After much digging I located problem and produced it in pretty simple way:

gate_platbox=# set enable_indexscan to 0;
SET
(force bitmap scan)
gate_platbox=# explain analyze select * from transactions where
id=53265020;
ERROR:  tuple offset out of range: 0

This tuple had been frozen not that long time ago:

gate_platbox=# select id,xmin,xmax,cmin,cmax,ctid from transactions where
id=53265020;
    id    | xmin | xmax | cmin | cmax |    ctid
----------+------+------+------+------+-------------
 53265020 |    2 |    0 |    1 |    1 | (2413168,1)

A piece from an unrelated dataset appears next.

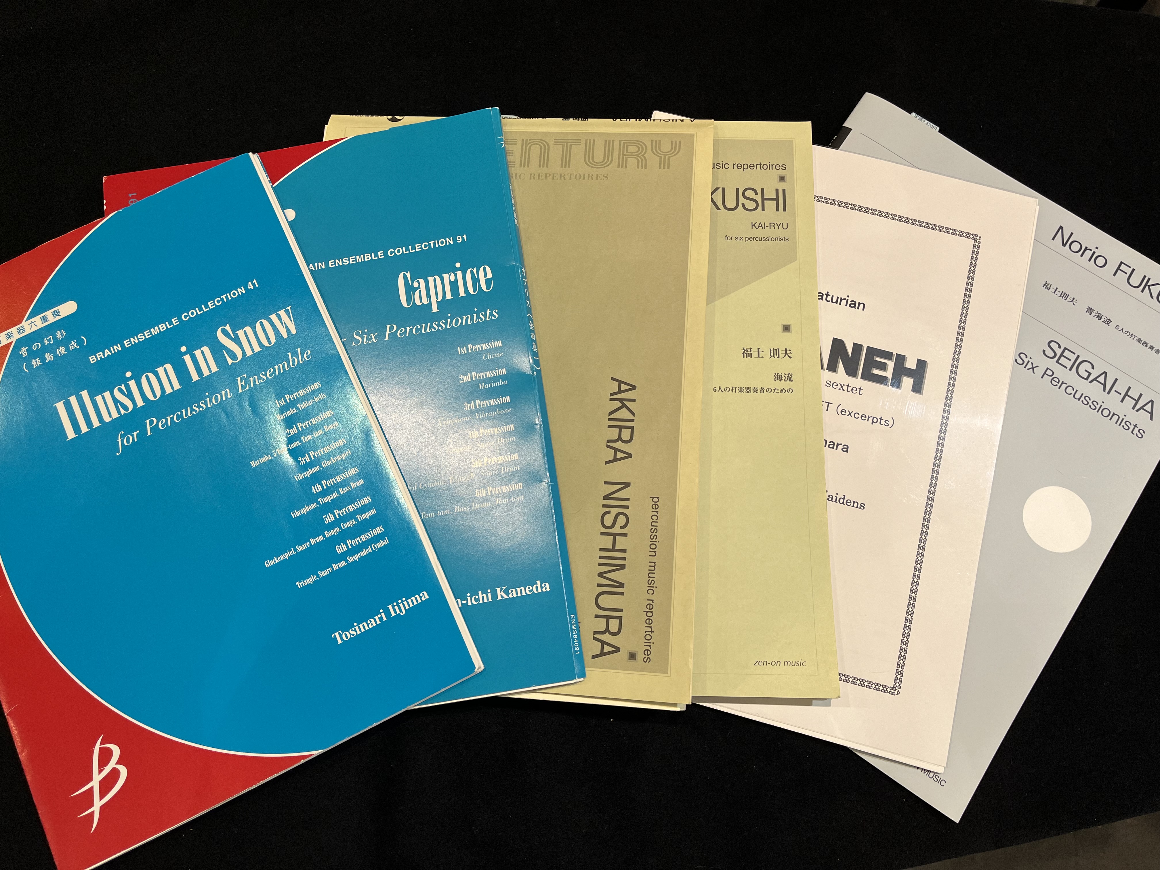 打楽器6重奏の楽譜がランダム3曲のセット販売となっております。
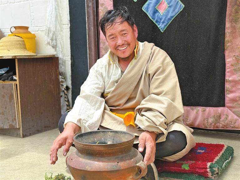 “早些年,彭崗陶器主要用于儲存牛奶、青稞酒、酥油茶。得益于黏土的特性,制作出來的陶罐存儲物品不易變味,因而深受大家喜愛?!崩_市尼木縣帕古鄉(xiāng)彭崗村3組的桑珠娓娓道來。2024年6月,桑珠被評選為縣級非物質(zhì)文化遺產(chǎn)代表性傳承人,他與彭崗陶器技藝的緣分已延續(xù)27載。

pageinspect over used index also show nothing suspicious:
select gs.i,t.* from (select generate_series(1,94961) as i) as gs,
bt_page_items('transactions_pkey', i) as t where ctid::text='(2413168,1)';
   i   | itemoffset |    ctid     | itemlen | nulls | vars |          data
-------+------------+-------------+---------+-------+------+-------------------------
 88472 |         93 | (2413168,1) |      16 | f     | f    | 7c c2 2c 03 00
00 00 00

Any ideas what's can be wrong with the database?
> gate_platbox=# set enable_indexscan to 0;
> SET
> (force bitmap scan)
> gate_platbox=# explain analyze select * from transactions where
> id=53265020;
> ERROR:  tuple offset out of range: 0
>
> This tuple had been frozen not that long time ago:
>
> gate_platbox=# select id,xmin,xmax,cmin,cmax,ctid from transactions where
> id=53265020;
>     id    | xmin | xmax | cmin | cmax |    ctid
> ----------+------+------+------+------+-------------
>  53265020 |    2 |    0 |    1 |    1 | (2413168,1)
>
> pageinspect over used index also show nothing suspicious:
> select gs.i,t.* from (select generate_series(1,94961) as i) as gs,
> bt_page_items('transactions_pkey', i) as t where ctid::text='(2413168,1)';
>    i   | itemoffset |    ctid     | itemlen | nulls | vars |          data
>
> -------+------------+-------------+---------+-------+------+-------------------------
>  88472 |         93 | (2413168,1) |      16 | f     | f    | 7c c2 2c 03 00
> 00 00 00
>
> Any ideas what's can be wrong with the database?
>

Some playing with GDB end me with the  btgetbitmap function in nbtree.c,

And with the next content of the
BTScanOpaque so = (BTScanOpaque) scan->opaque
structure:

(gdb) p *(BTScanOpaque) scan->opaque
$21 = {
  qual_ok = 1 '\001',
  numberOfKeys = 1,
  keyData = 0x7f099afaad80,
  arrayKeyData = 0x0,
  numArrayKeys = 0,
  arrayKeys = 0x0,
  arrayContext = 0x0,
  killedItems = 0x0,
  numKilled = 0,
  currTuples = 0x0,
  markTuples = 0x0,
  markItemIndex = -1,
  currPos = {
    buf = 137250,
    nextPage = 88473,
    moreLeft = 0 '\000',
    moreRight = 0 '\000',
    nextTupleOffset = 0,
    firstItem = 0,
    lastItem = 1,
    itemIndex = 1,
    items =       {[0] = {
        heapTid = {
          ip_blkid = {
            bi_hi = 36,
            bi_lo = 53872
          },
          ip_posid = 1
        },
        indexOffset = 93,
        tupleOffset = 0
      },
      [1] = {
        heapTid = {
          ip_blkid = {
            bi_hi = 35,
            bi_lo = 44171
          },
          ip_posid = 0
        },
        indexOffset = 94,
        tupleOffset = 0
      },
...

It could be seen that there some weird second element in items array with
ip_posid = 0.

Now that lead me to check the next entry in transactions_pkey index (with
offset=94):

select * from bt_page_items('transactions_pkey', 88472) where itemoffset in
(93,94);
 itemoffset |    ctid     | itemlen | nulls | vars |          data
------------+-------------+---------+-------+------+-------------------------
         93 | (2413168,1) |      16 | f     | f    | 7c c2 2c 03 00 00 00 00
         94 | (2337931,0) |      16 | f     | f    | 7c c2 2c 03 00 00 00 00

Ok so now we have a two entry for the same value in the index.
Index on the master database have the same content.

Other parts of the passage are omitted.